To do:
Your output should be exactly the lines from the one containing "步入篷房,內(nèi)部布置" through the last line of the listing, and nothing else. Pictures stay out.

The data:
%%

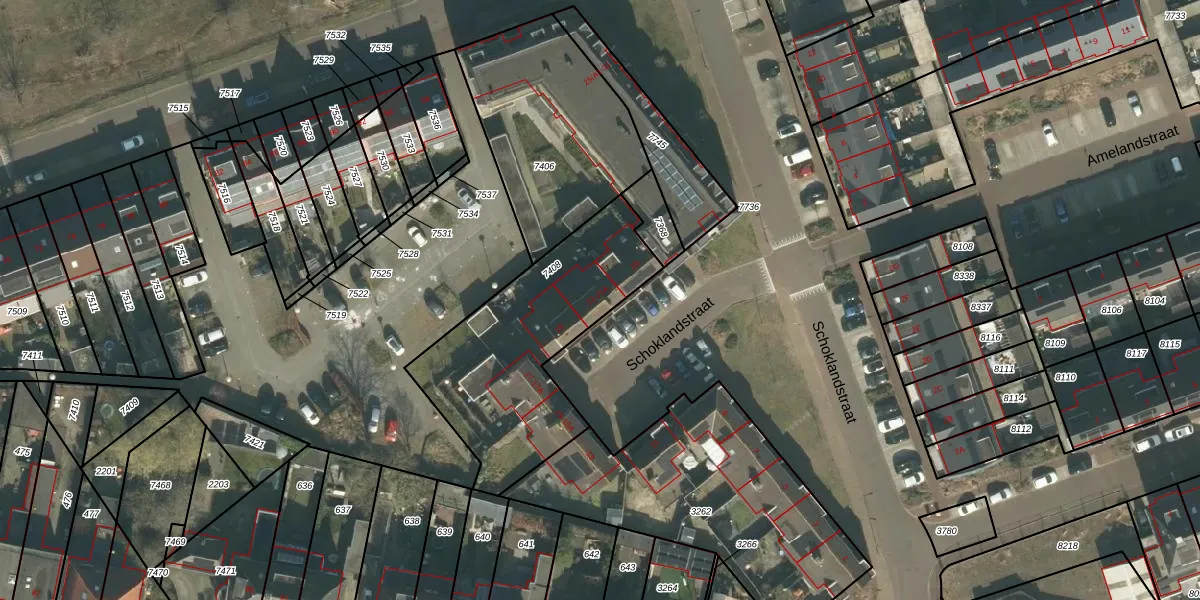 Het perceel waarop Schoklandstraat 21 staat heeft een oppervlakte van 898 m². Dit is een groot perceel. De perceeloppervlakte wordt geregistreerd door het Kadaster. Gedetailleerde informatie over de maten van dit perceel kunt u vinden in het rapport Kadastrale kaart met maatvoering van Schoklandstraat 21.
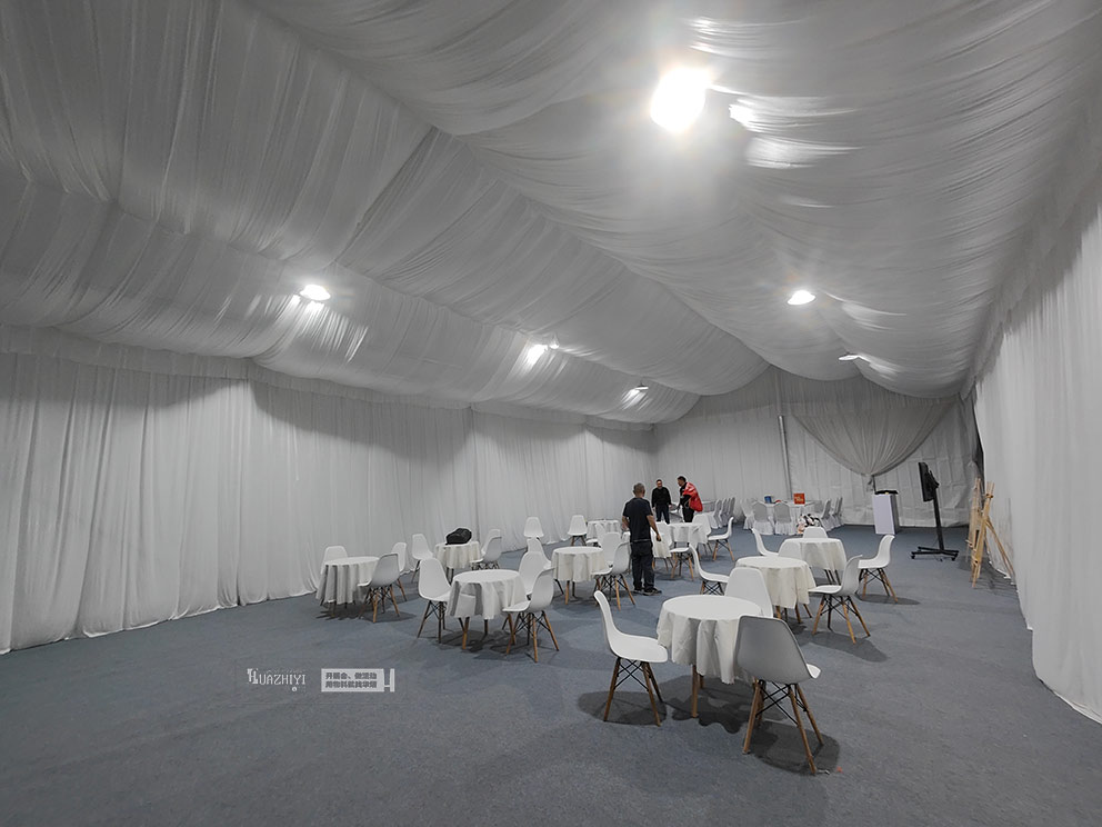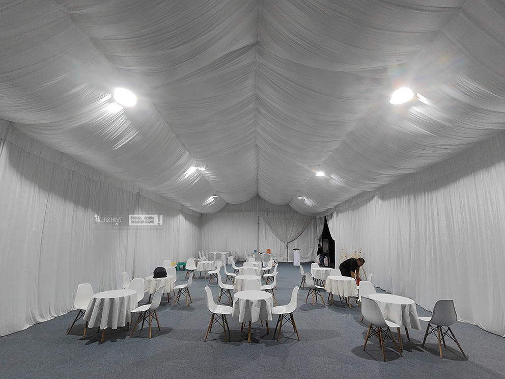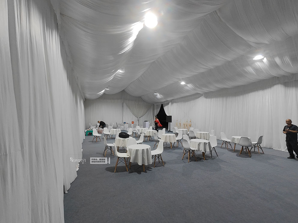 步入篷房,內(nèi)部布置更顯精致。頂部懸掛的米白色帷幔層層疊疊,既劃分出功能區(qū)域,又增添了空間的縱深感。休息區(qū)擺放著駐馬店篷房出租公司的白色伊姆斯桌椅,圓潤的椅身包裹著細(xì)膩面料,坐感柔軟卻不失支撐;桌面鋪著同色系桌布,原木色桌腿則注入自然暖意,中和了白色調(diào)的清冷,讓科技感十足的試駕會多了份居家般的松弛。
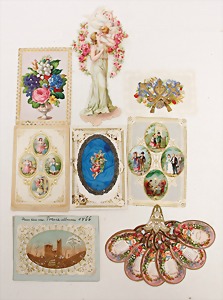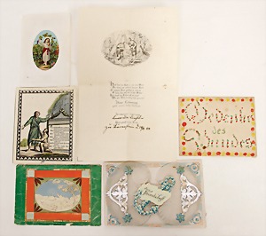 mixed lot of 12 pieces, 1825 - 1900, congratulation cards, partially handcoloured, 1 postcard, 1 embroidered picture, with small casket
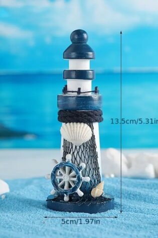 1 pc, Hand-Painted Wooden Lighthouse Statue – Hand Crafted Nautical Theme Beach Decor, Rustic Home & Event Decoration for Indoor/Outdoor Use.

%%

Response:
 步入篷房,內(nèi)部布置更顯精致。頂部懸掛的米白色帷幔層層疊疊,既劃分出功能區(qū)域,又增添了空間的縱深感。休息區(qū)擺放著駐馬店篷房出租公司的白色伊姆斯桌椅,圓潤的椅身包裹著細(xì)膩面料,坐感柔軟卻不失支撐;桌面鋪著同色系桌布,原木色桌腿則注入自然暖意,中和了白色調(diào)的清冷,讓科技感十足的試駕會多了份居家般的松弛。
 mixed lot of 12 pieces, 1825 - 1900, congratulation cards, partially handcoloured, 1 postcard, 1 embroidered picture, with small casket
 1 pc, Hand-Painted Wooden Lighthouse Statue – Hand Crafted Nautical Theme Beach Decor, Rustic Home & Event Decoration for Indoor/Outdoor Use.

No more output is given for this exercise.